Last Will and Testament – December Monthly Insight

Posted By The Nalls Sherbakoff Group, LLC on Dec 1, 2021


“Planning is bringing the future into the present so that you can do something about it now.”
Alan Lakein – American author

When many people hear the term “estate planning” they think it only applies to those who own mansions, extensive real estate holdings, and large stock portfolios.  They may recall news stories about estate battles that ensued when celebrities like Prince, Jimi Hendrix, and Michael Jackson died without a will.

Despite these myths and misconceptions, the truth is that everyone should have an estate plan or a will.  According to a recent survey from Caring.com, 2 out of 3 adults do not have a will.  If you die without a will, there is no guarantee that your intended wishes will be carried out and it can lead to fighting among potential heirs.

Estate planning can be complex, depending on your estate and circumstances.  This article will help you recognize common mistakes that can be avoided with proper planning.   As always, we recommend consulting with an estate attorney. 

Here are five common mistakes to avoid.

  1. Dying without a will.

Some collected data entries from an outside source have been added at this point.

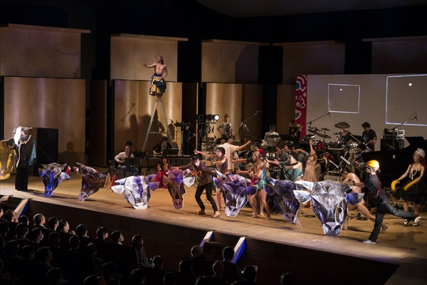 LFJの多彩なプログラムの中でもひときわ異彩を放っていたのが脱ジャンル音楽パフォーマンス集団、渋さ知らズ オーケストラだ。玄界灘渡部が「ジャズから始まり、Jロック、クラシックと、またCDの売上の低いゾーンへと戻ってきましたー!」と挨拶をぶちかますと、モーツァルトのトルコ行進曲や、ブラームスのハンガリー舞曲に合わせてダンサー達が踊り狂う。数時間前には、協奏曲やコンサートの公演が繰り広げられていたのと同じ会場とは思えないカオスぶり。後半のラヴェル「ボレロ」では巨大な銀色の龍が客席の空中を練り歩くなど、観客の度肝を抜き続けた。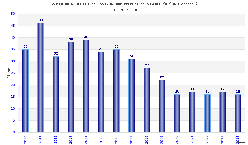 Anno Firme Importi Media Naz. Reg. Prov. Comu.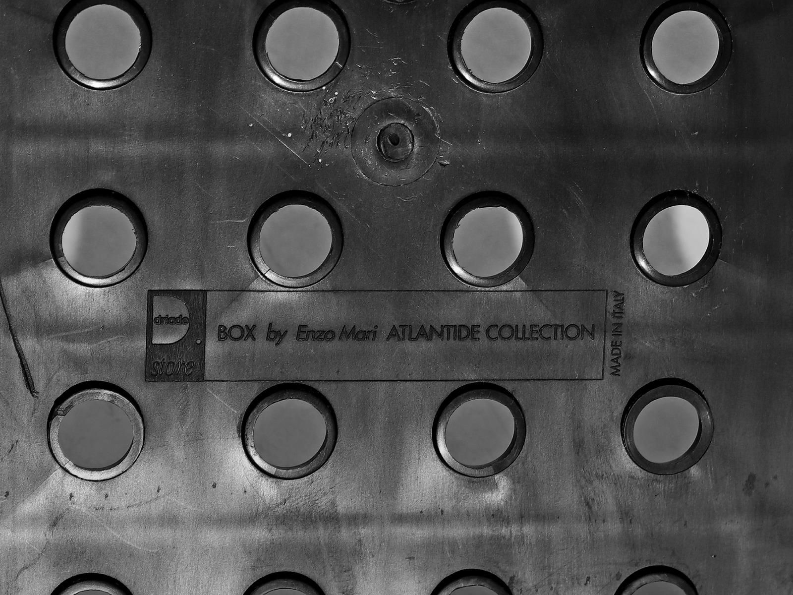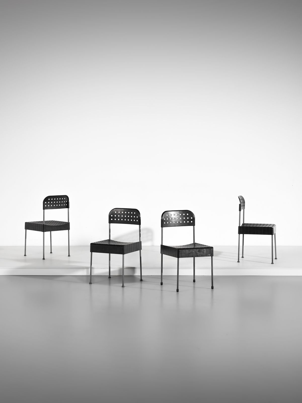 MARI ENZO (1932 - 2020) Quattro sedie della collezione Atlantide mod. Box per Driade, Italia. 1976. Tondino di ferro verniciato e plastica forata.. Cm 82x44,50x43. Marcate sotto la seduta.Bibliografia: G. Gramigna, Repertorio del design italiano 1950-2000 per l'arredamento domestico, Allemandi, Torino 2021, p. 239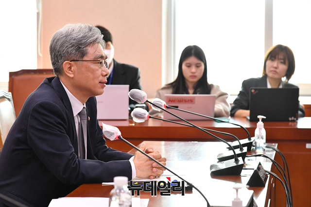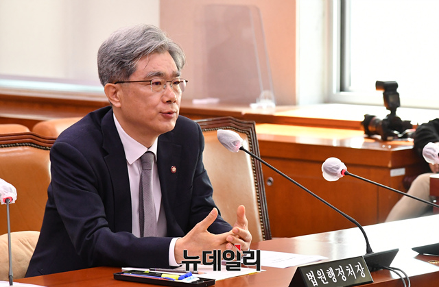 김상환 법원행정처장이 30일 오전 국회에서 열린 법제사법위원회 전체회의에 출석해 의원들의 질문에 답하고 있다.

A last will and testament is a legal document that puts you in control of what happens with your estate after you die.  You can also use a will to leave instructions for your digital assets, provide funeral instructions, and support your favorite charities.  When you die without a will, the state succession laws and the probate process determine how your assets are given away – and this includes money, real estate, pets, and family heirlooms. 

    If you are a parent, you can use your will to designate a guardian for your minor children. If both parents pass away, this is a critical circumstance for those who don’t have a will.  If you have not designated a guardian in your will, the court will choose one for your children. 
  2. Ignoring beneficiary designations.  Retirement accounts, life insurance, and investment accounts can all avoid probate if you have a designated beneficiary.  These designations override provisions in a will.  For example, let’s say an IRA account at ABC Brokerage names your son as primary beneficiary, but the will names your daughter as the heir of the account. In this case, your son will receive the IRA, not your daughter.  Best practice is to review beneficiary designations annually.
  3. Not updating your estate plan. Creating an estate plan isn’t something you set up and forget about. Life events such as death, divorce, marriage, births, relocations, and tax law changes can trigger the need to update your will or trust.
  4. Using do-it-yourself estate planning tools. It may be tempting to download a free online template to create a will, but don’t underestimate the value of experienced estate planning professionals.  They can provide tailored advice to suit your family’s circumstances and help you avoid mistakes.  Also, failure to properly execute and/or witness the will may render your document worthless. 
  5. Failing to create advance directives. In Tennessee, there are two forms that you can complete to document your wishes for medical care.  A Medical Power of Attorney, now referred to as an Appointment of Health Care Agent, allows you to name another person to make healthcare decisions for you if you are unable to make them for yourself.  A Living Will, now known as an Advance Care Plan, is a document that tells your doctor how you want to be treated if you are terminally ill or permanently unconscious. 

Creating and implementing an estate plan ensures that your wishes will be carried out when you are no longer here. Avoiding estate planning mistakes can ensure that your intent is documented, while relieving stress for heirs.